John Elkann, heir to the Agnelli industrial dynasty, investigated the possibility of a tie-up with fashion designer Giorgio Armani as part of a plan to create a luxury conglomerate around Ferrari, five sources told Reuters familiar with the file.
Elkann, who is also chairman of automaker Stellantis, offered to take a minority stake in the Milan fashion house run by 87-year-old Giorgio Armani, but his latest proposal was rejected earlier this month, two sources said, on condition of anonymity.
The operation would have made Agnellis major players in the fashion sector, like the Arnault and Pinault families in France.
Talks with Armani, valued by analysts at around 6 billion euros ($ 7.09 billion), have not progressed due to the couturier’s reluctance to sell a stake, two sources said, adding that the discussions had been informal and the companies had not called on any bank.
A spokesperson for Exor, the holding company for the Elkann and Agnelli families, told Reuters: “Exor has not approached (Armani) and made no proposal.”
Armani declined to comment on this information.
A possible tie-up with Armani was reportedly made through investment firm Exor or carmaker Ferrari, controlled by Exor, but Elkann’s latest offer was rejected, the sources said.
“Discussions are over for now,” said one of the sources.
This initiative reflects the efforts of the founders of Fiat Chrysler, who own 53% of Exor, to strengthen their exposure to the luxury market.
Exor took a 24% stake in Christian Louboutin in March, as part of a transaction that valued the luxury shoe brand, famous for their red soles, to 2.25 billion euros.
In 2020, the company became the first shareholder of Shang Xia, a luxury brand co-founded by Hermès.
“If there is anyone who could create a serious competitor to the French conglomerates, it is Elkann,” said a banker familiar with the matter.
“He has the money, the credibility and the family prestige to do it.”

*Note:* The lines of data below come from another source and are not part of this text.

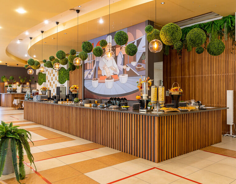 Питание по системе «шведский стол», если оно не включено в тариф, можно приобретать в ресторане при отеле.
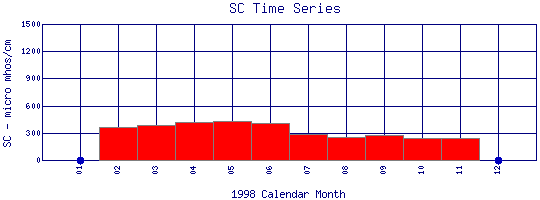 Specific Conductance Time Series for 1998 Boulder Reservoir South Dam - Top |
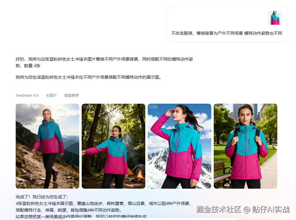“不改变服装,替换背景为户外不同场景,模特动作姿势也不同”,一键生成即可。
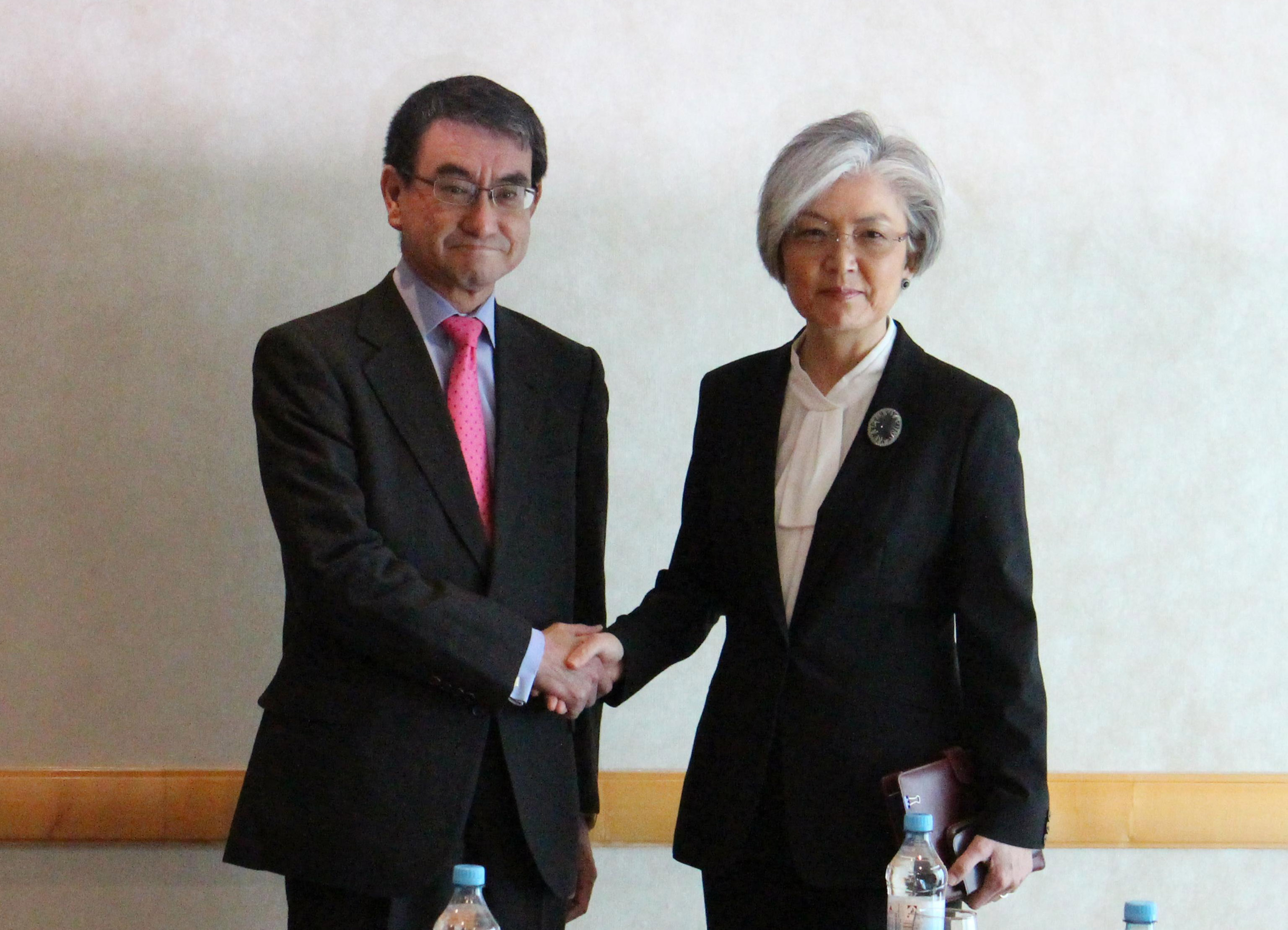 아사히는 또 복수의 일본 정부 관계자를 인용해 고노 다로(河野太郞) 외무상이 지난달 파리에서 강경화 외교장관과 회담 시 “외교장관 협의를 지속하는 것은 중요하다”고 말했고 강 장관도 이에 동의했다고 전했다. 오는 28~29일 오사카(大阪)에서 열릴 주요 20개국(G20) 정상회의에 맞춰 외교장관 회담을 연다는 방침도 확인했다고 한다.
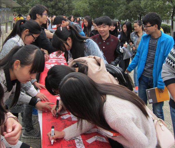 同学们都踊跃地在“立身以立学为先,立学以读书为本”的红色横幅上签名,长长的横幅满载着同学们对知识的渴望与追求,许多老师也参与进来,更是让此次活动锦上添花。“立身以立学为先,立学以读书为本”的横幅将在图书信息中心二楼展厅进行巡展,以提醒同学们形成爱读书、终身学习的氛围,齐享阅读快乐。
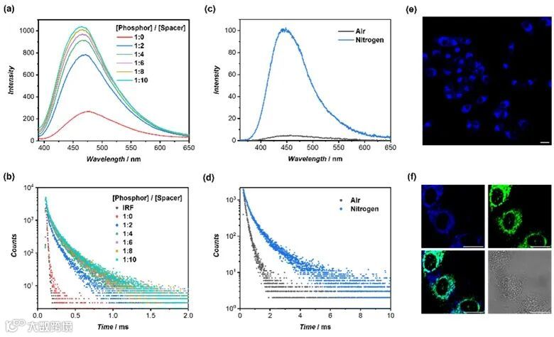 DMA以一定比例在水中共组装,即可得到组装体Supra-CZBP。随着骨架基元比例的增加,Supra-CZBP的发射强度逐渐增强,发光寿命也随之延长。在氮气氛围的保护下,发光强度提升了22倍,发光寿命也延长至755.8 μs,这些结果证实了水相室温磷光材料的成功构筑。
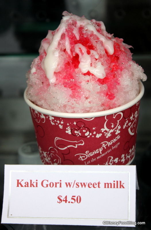I was just reading old posts that I missed and saw this one. I was in EPCOT in June and had the Kaki Gori and was sad to see that they changed the ice. Now it is the same ice as a snow cone where as previously it was shaved ice that really melted in your mouth. The fruit juices were as great as ever, but I was missing the shaved ice…anyone else remember the shaved version?
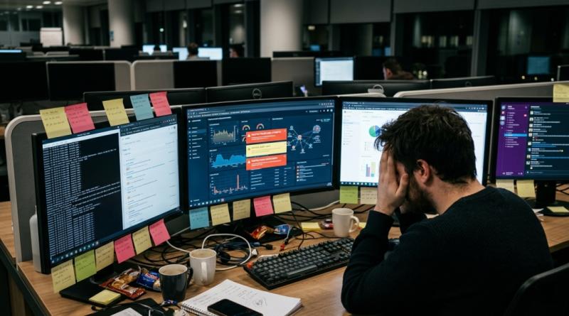 Stressed security analyst overwhelmed by alerts across multiple monitors, illustrating the 80 tools crisis.
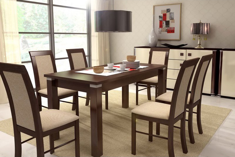 Tato sestava zahrnuje praktický rozkládací jídelní stůl a šest čalouněných židlí, jejichž komfort zajišťuje polstrování sedací a opěrné části. Jídelní stůl je možné pomocí vsuvky do středové části rozložit až na délku 200 cm.
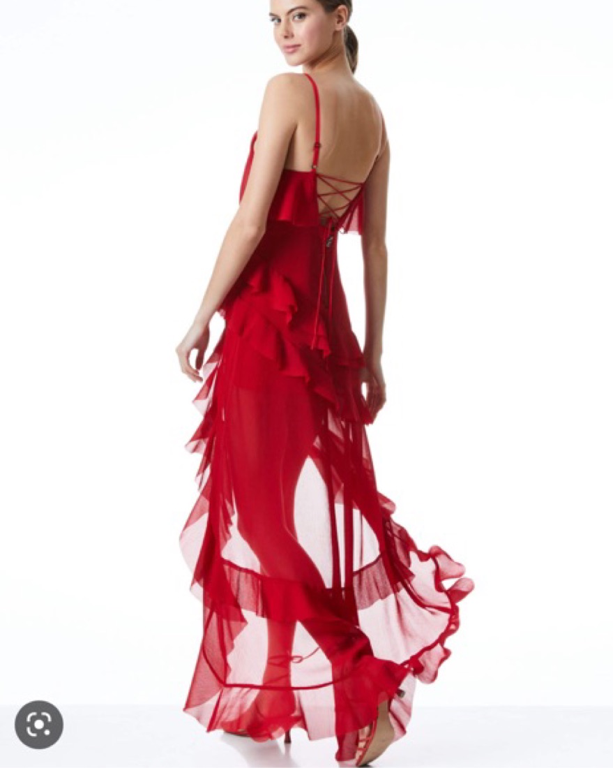 Laverne Tiered Ruffle Dress in red. Perfect for a wedding, formal event, or fhn night out.
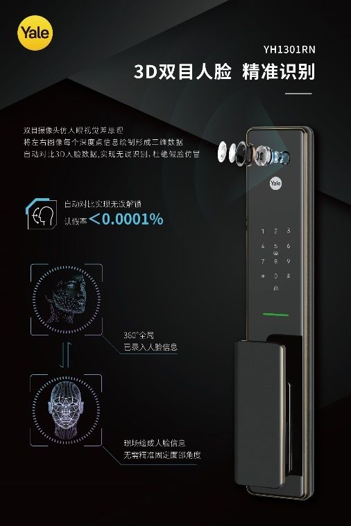 自智能锁面世以来,破解的手段层出不穷,比如复制指纹、打印人像照片欺骗智能锁等,难免让人们对智能锁抱有疑虑。作为行业引领者,耶鲁始终将安全视为重中之重。Yale耶鲁 YH1301RN创新使用3D双目人脸识别技术,双摄像头模拟人眼成像原理,将左右图像每个深度点信息绘制形成三维数据,自动对比每个深度点信息绘成的3D人脸数据,精准快速识别,其认假率小于0.0001%。其中大范围自动感应识别,无需精准站位,大人小孩都能轻松解锁。

Speculation over succession plans for the fashion house founded in 1975 by Armani, known as King Giorgio, has intensified in recent months.

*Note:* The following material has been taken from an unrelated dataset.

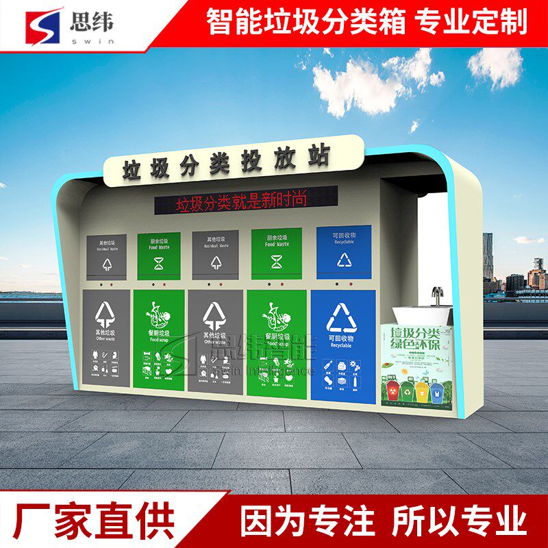 📚 智能垃圾分类箱社区洗手池收集亭站感应开门四投口垃圾箱厂家定做
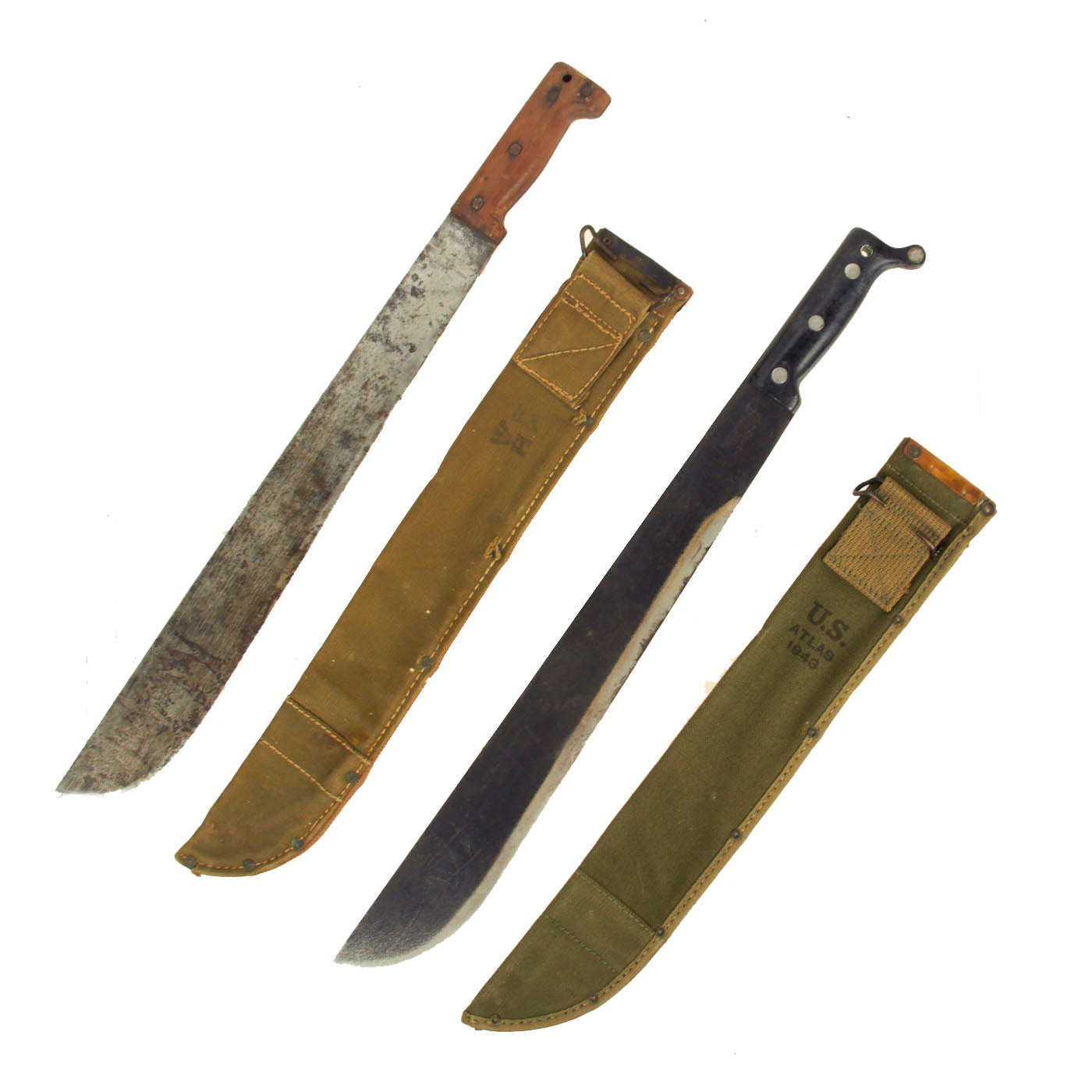 Original Items: Only One Lot of 2 Available. A machete is a broad blade used either as an agricultural implement similar to an axe, or in combat like a long-bladed knife. The blade is typically 30 to 45 centimeters (12 to 18 in) long and usually under 3 millimeters (1⁄8 in) thick. In the Spanish language, the word is possibly a diminutive form of the word macho, which was used to refer to sledgehammers. Alternatively, its origin may be machaera, the name given by the Romans to the falcata. It is the origin of the English language equivalent term matchet, though it is less commonly used. In much of the English-speaking Caribbean, such as Jamaica, Barbados, Guyana, and Grenada and in Trinidad and Tobago, the term cutlass is used for these agricultural tools.

The brand, famous for its sleek suits and evening gowns, is expected to spark interest from French luxury giants LVMH and Kering, sources within the groups told Reuters, adding that Armani was unwilling to sell a stake. to a foreign group.
In April, Armani told American magazine Vogue that he might consider partnering with another Italian company, opening the door for the first time to a possible partner.

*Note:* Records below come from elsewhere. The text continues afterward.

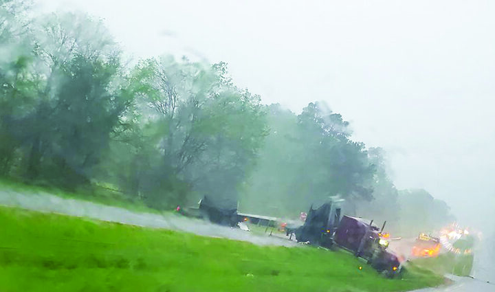 Sunday’s storms contributed to an 18-wheeler accident on US 59 just south of Jefferson blocking traffic for several hours, far right. The storms produced large hail, right, across much of the county, and caused tree and limb damage. A tornado was spotted east of Jefferson but was moving away from the city. The City emergency siren was sounded by JPD Chief Tino Perez out of an “abundance of Caution.” The City and County use the Smart 911 system for emergency notifications to reach a broader range of residents than the siren. Signup is free at smart911.com and can be customized to a location. Notifications include text, voice, app and website.
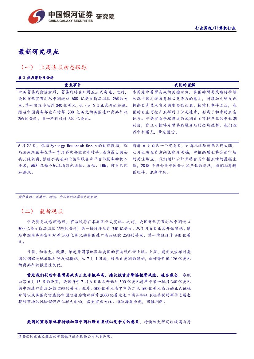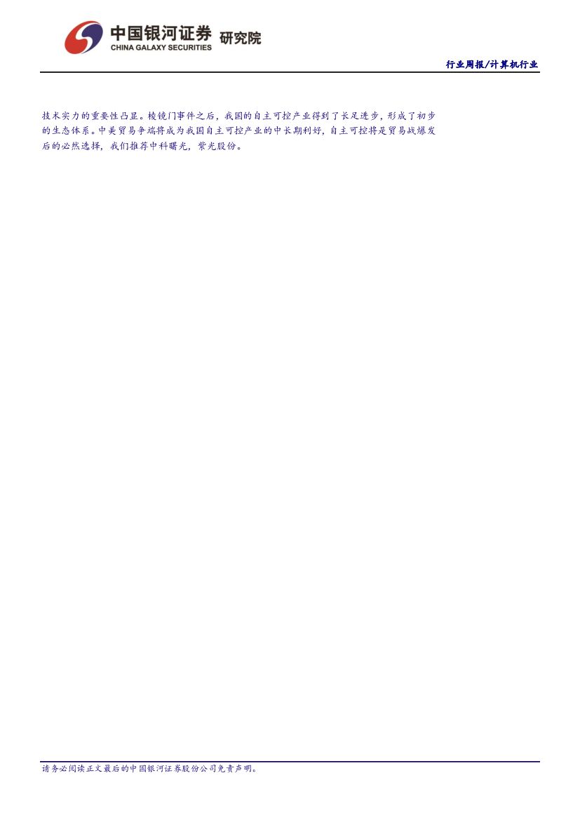 中国银河:计算机行业周报:中美贸易战愈演愈烈,打造核心竞争力意义凸显.pdf
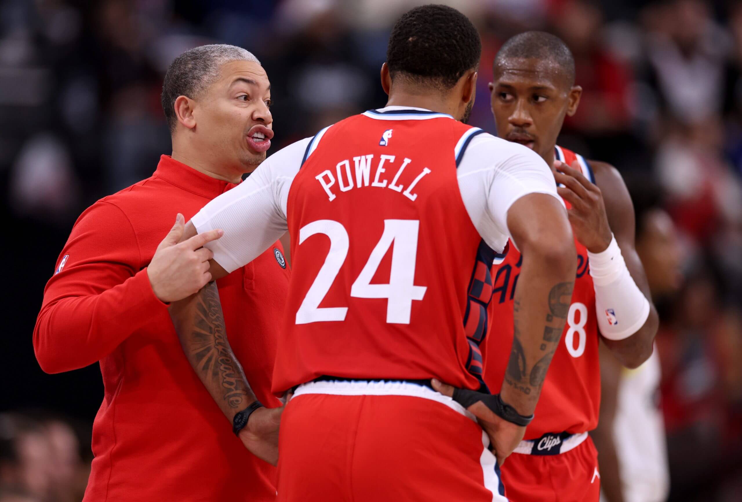 Norman Powell, here with Clippers coach Ty Lue, has become a basketball chameleon, changing his game at various points in his career.  (Harry How / Getty Images)
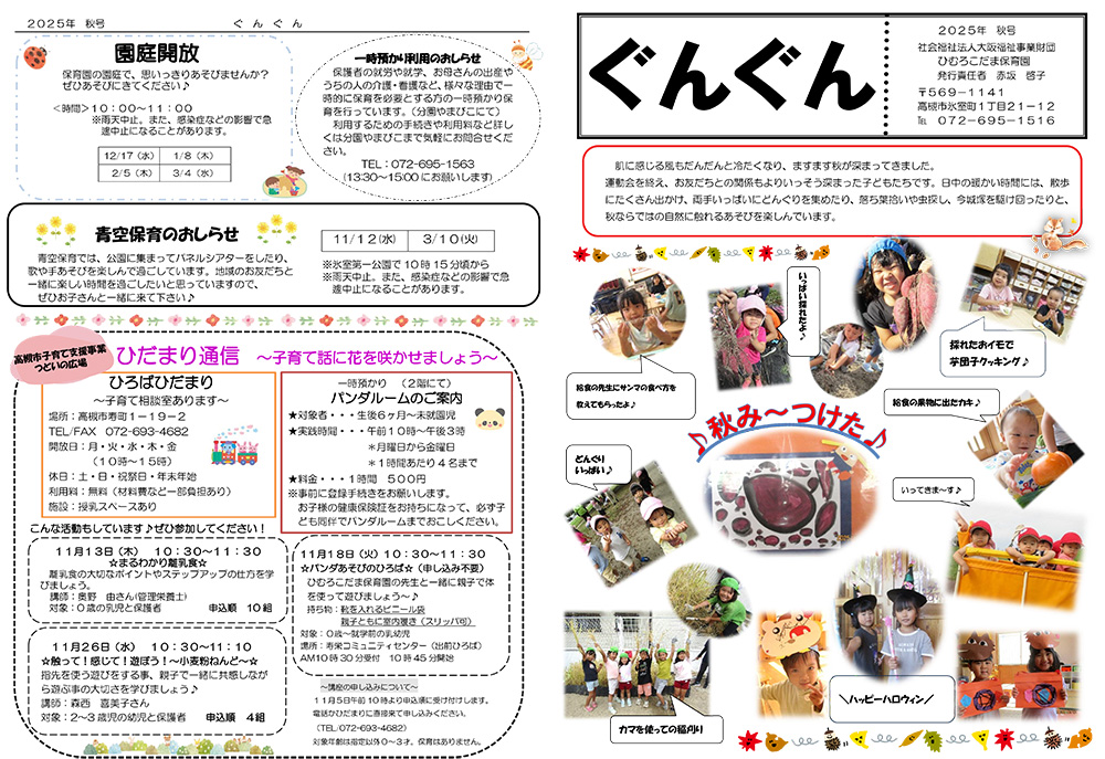 - 一時預かり(きりんぐみ)では、1日の手人を7~10名とし、その中で児童ひとりひとりの心身の状態や保育場面への適応状況・年齢などを考慮して受け入れを行い、年間行事(交通安全教室・遠足・クリスマス会・節分など)への参加や通常保育との交流もはかっています。

He said the COVID-19 crisis had “made him open his eyes a bit.”
The Milanese fashion house, whose net turnover increased by 2.3% to 2.16 billion euros in 2019 after three years of decline, has not yet communicated its results for its 2020 financial year.
Its valuation, which represents around three times its turnover, could even reach 8 billion euros, according to an analyst based in Milan.
The couturier, who has no children, created in 2016 a foundation that should facilitate his succession and prevent his business from being bought or shattered after his death.
In June, after his last men’s show, Giorgio Armani hinted at preparing for his succession, saying that he was preparing the future of the company with his closest associates.